Sunday, February 19, 2012

How to Be a Sophisticate: Or, Lessons Learned from City Living

On the right, a sophistcated female. On the left, me. Note the difference.

I have been a busy student since moving to Toronto. And this time I'm not talking about my stats class, I'm talking about style. I wanted to know what separated me from the other girls here. Were we not both human? Do we not both bleed red? Well, we probably do, but I'm sure the other girls look much better doing so. My problem is that I'm not sophisticated, just endearing. But that hasn't stopped me from learning why I'm not, so I could share my observations with you. Who knows - you may have to go Toronto someday, and you'll want to blend in with the ruling cultural class. My first lesson in sophistication was a swift one. And it is that a small head is a necessary condition. Small heads can bear more hair and make every neck look long. The problem is that my head is large. Massive. Unnatural, even. So, as other girls gracefully stride down Queen West, I waddle forward, a honeydew melon atop a pea coat.

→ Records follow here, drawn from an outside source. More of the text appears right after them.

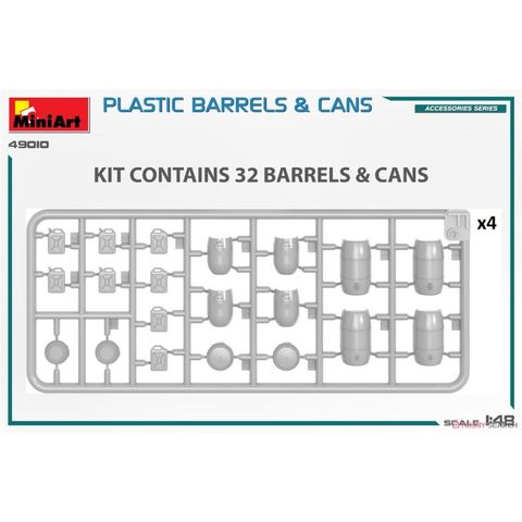 | MA49010 ミニアート 1/48 プラスチックの樽と缶 ジオラマ レイアウト用品 1/48スケールの樽と缶32個セットです。 デカールが付属します。 |
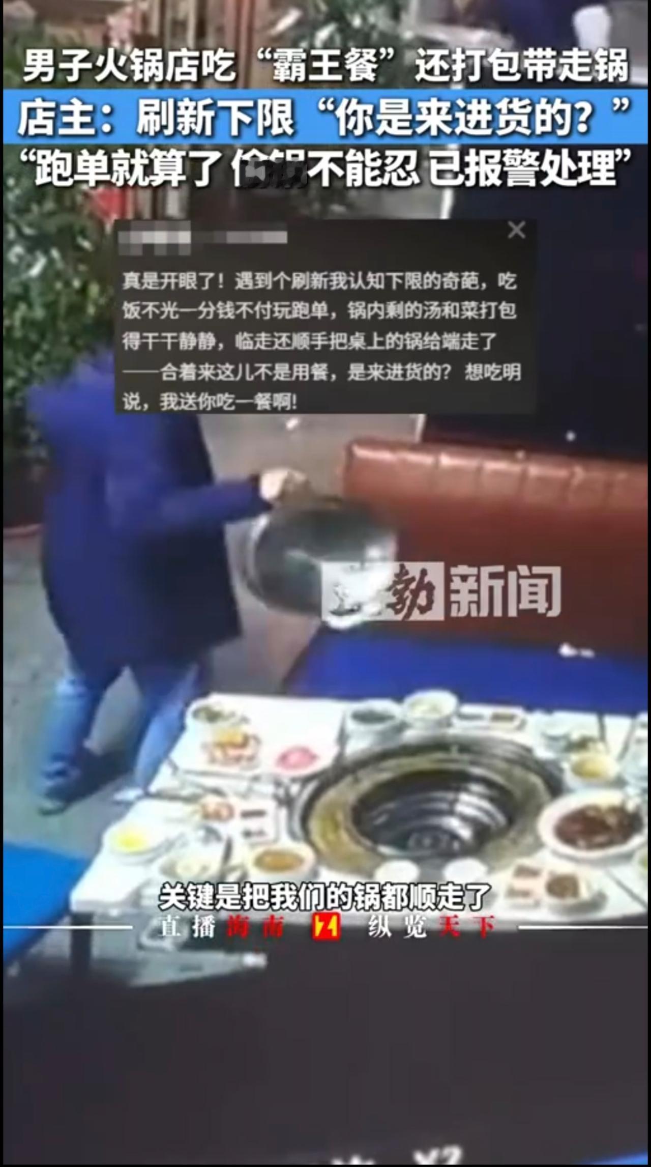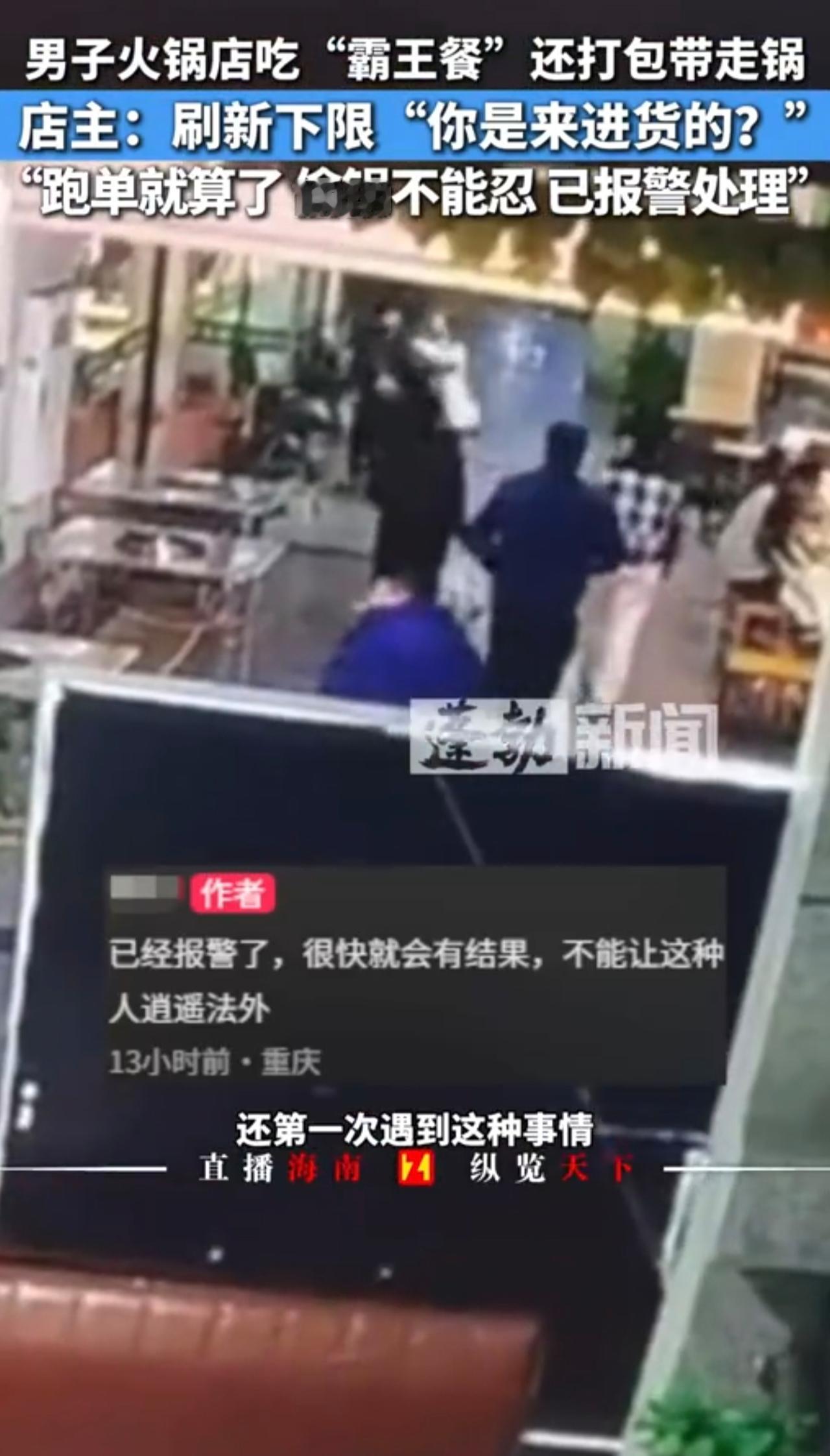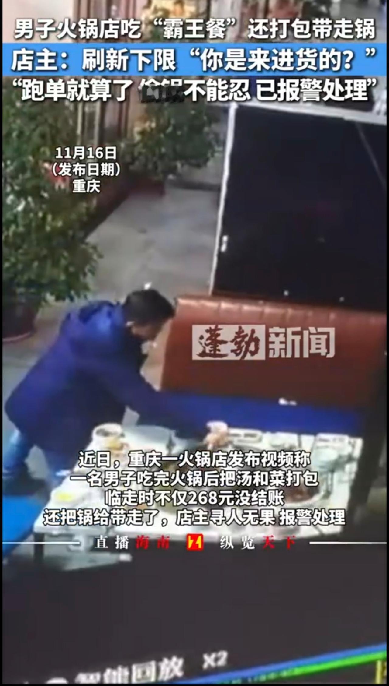 男子吃火锅没付钱还把锅顺走,店主:不付钱认了,锅端走不能忍,已报警处理。11月15日 重庆
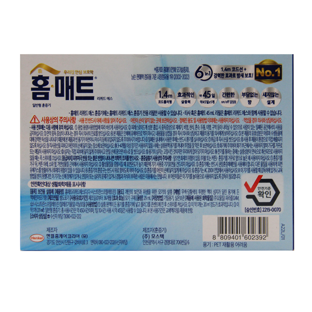| 제품명 | 헨켈) 홈매트 리퀴드에스 훈증기 세트 |
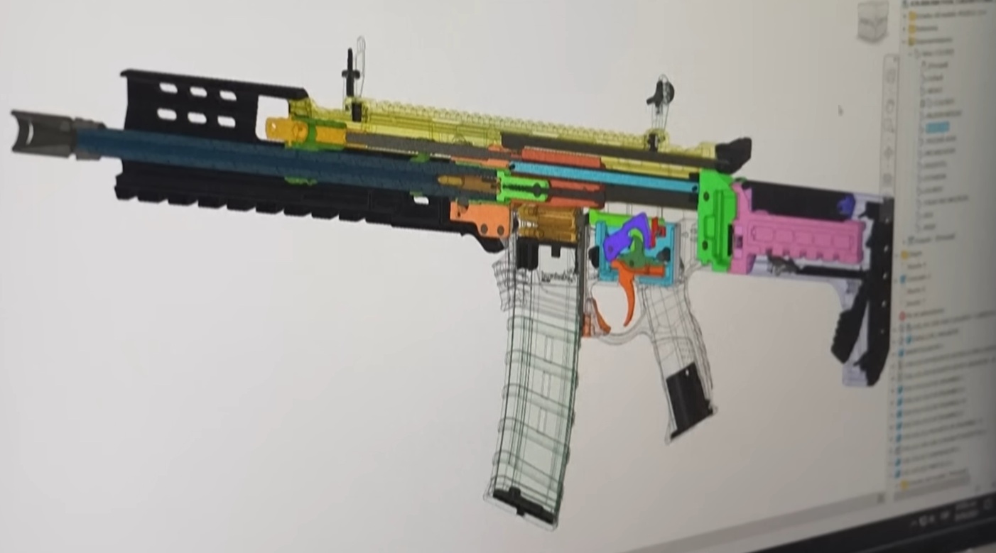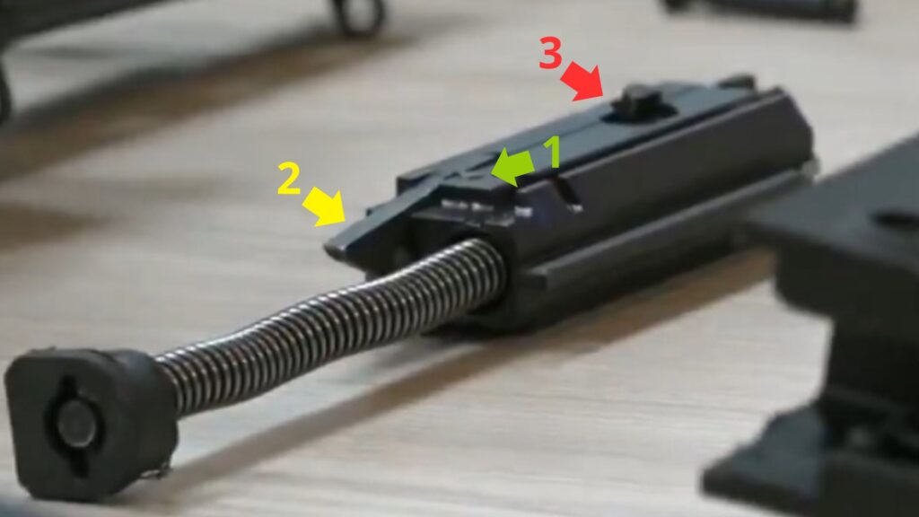 Ostatni wniosek potwierdza wycinek z tego samego materiału, którego użyto do analizy zespołu ruchomego. Wycinek przedstawia dobry wgląd na opory ryglowe – ich rozstawienie sugeruje, że sam zamek najprawdopodobniej nie odbiega zanadto od AR-18, cechując się wieloma mniejszymi (względem np. AK) występami.
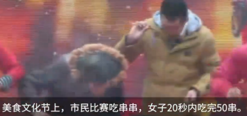 最近又有一则关于吃货的新闻火了:一名女子20秒火速吃掉了50根肉串,惊掉了所有人的下巴。
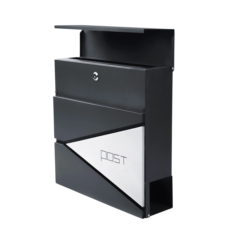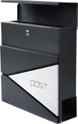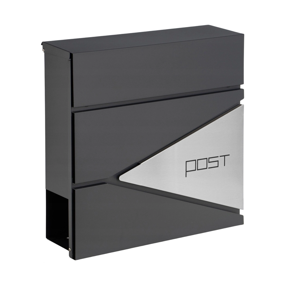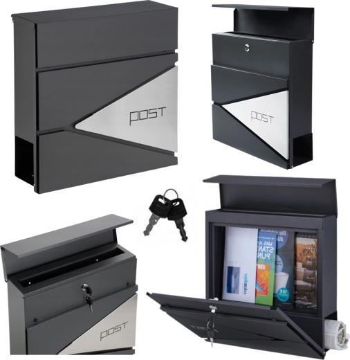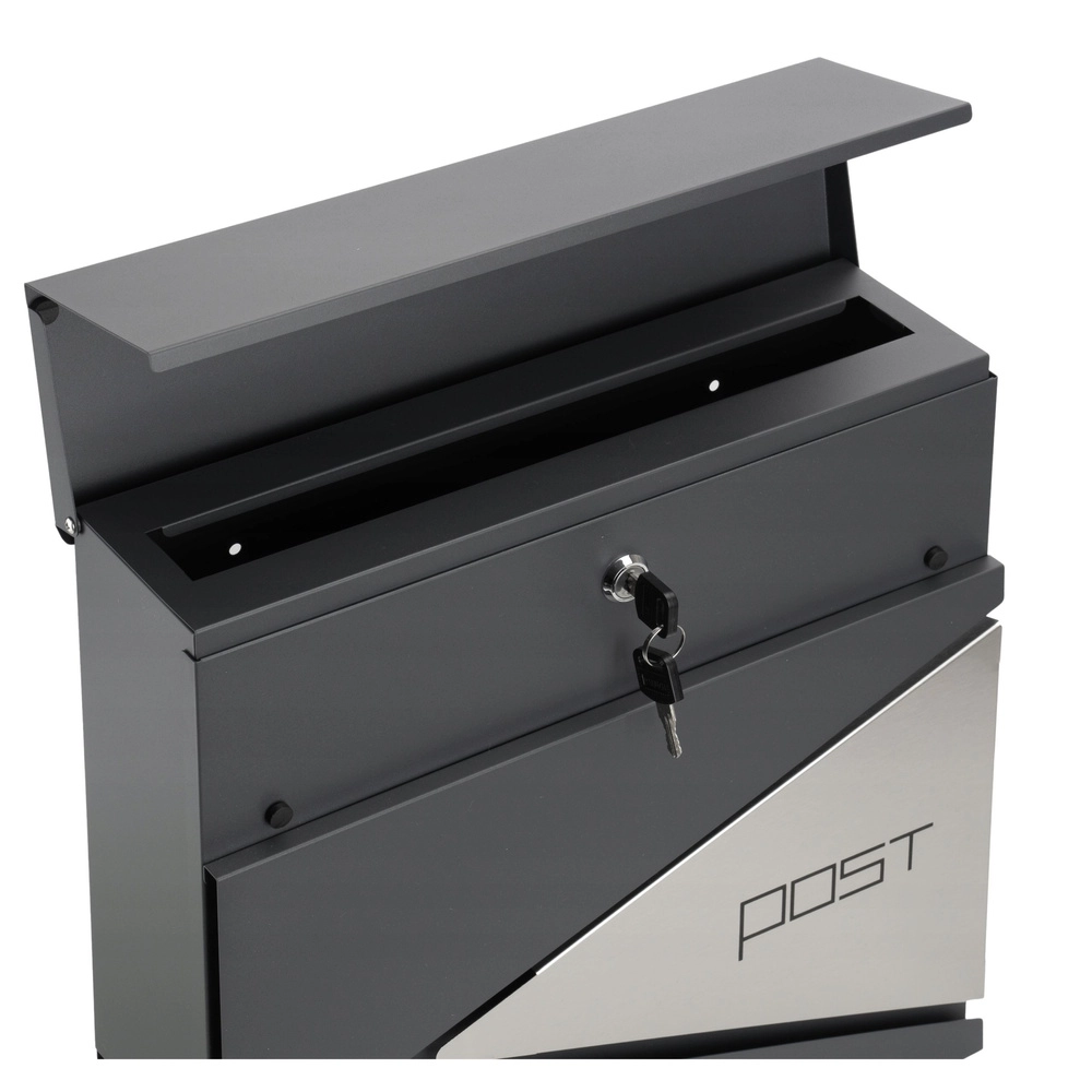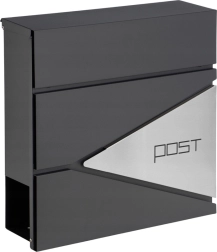 Ši antracito spalvos laiškų dėžutė pasižymi švariu dizainu, kurį papildo geometriniai išpjovimai ir minimalistinis užrašas „POST“. Dėl patvarių medžiagų ir miltelinio dažymo ji idealiai tinka ilgalaikiam naudojimui lauke.

Being forever banned from stylishness hasn't stopped me from learning other lessons, however. Even those with gigantic heads can benefit from the second lesson I've learned, which is that sophistication comes in only one colour, and that colour is black. Entire sections of Queen and King look like funeral processions when work lets out, as fleets of young professionals in black Canada Goose jackets, black duffel coats, black leggings and black boots stream out of work. I come here not to bury the look, but to identify it. It makes sense though. Black is slimming, clashes with nothing, and lets you go stealth at night.

The final lesson in sophistication, if you already have a big head and nothing black but a pair of polyester pants, is that you can always blow your hair out. Shiny hair that hovers in that liminal state between straight and wavy can make anyone look "right." Of course, sophisticated doesn't mean chic. I have seen some looks on the street that have made me stare out of the streetcar window and take notice, like the man with the mile-high top fade and puffy purple coat, and few of them have involved black.  But that sense of style is a rare thing, and sophisticated is a close-enough simulacrum, if you can afford a hair dryer.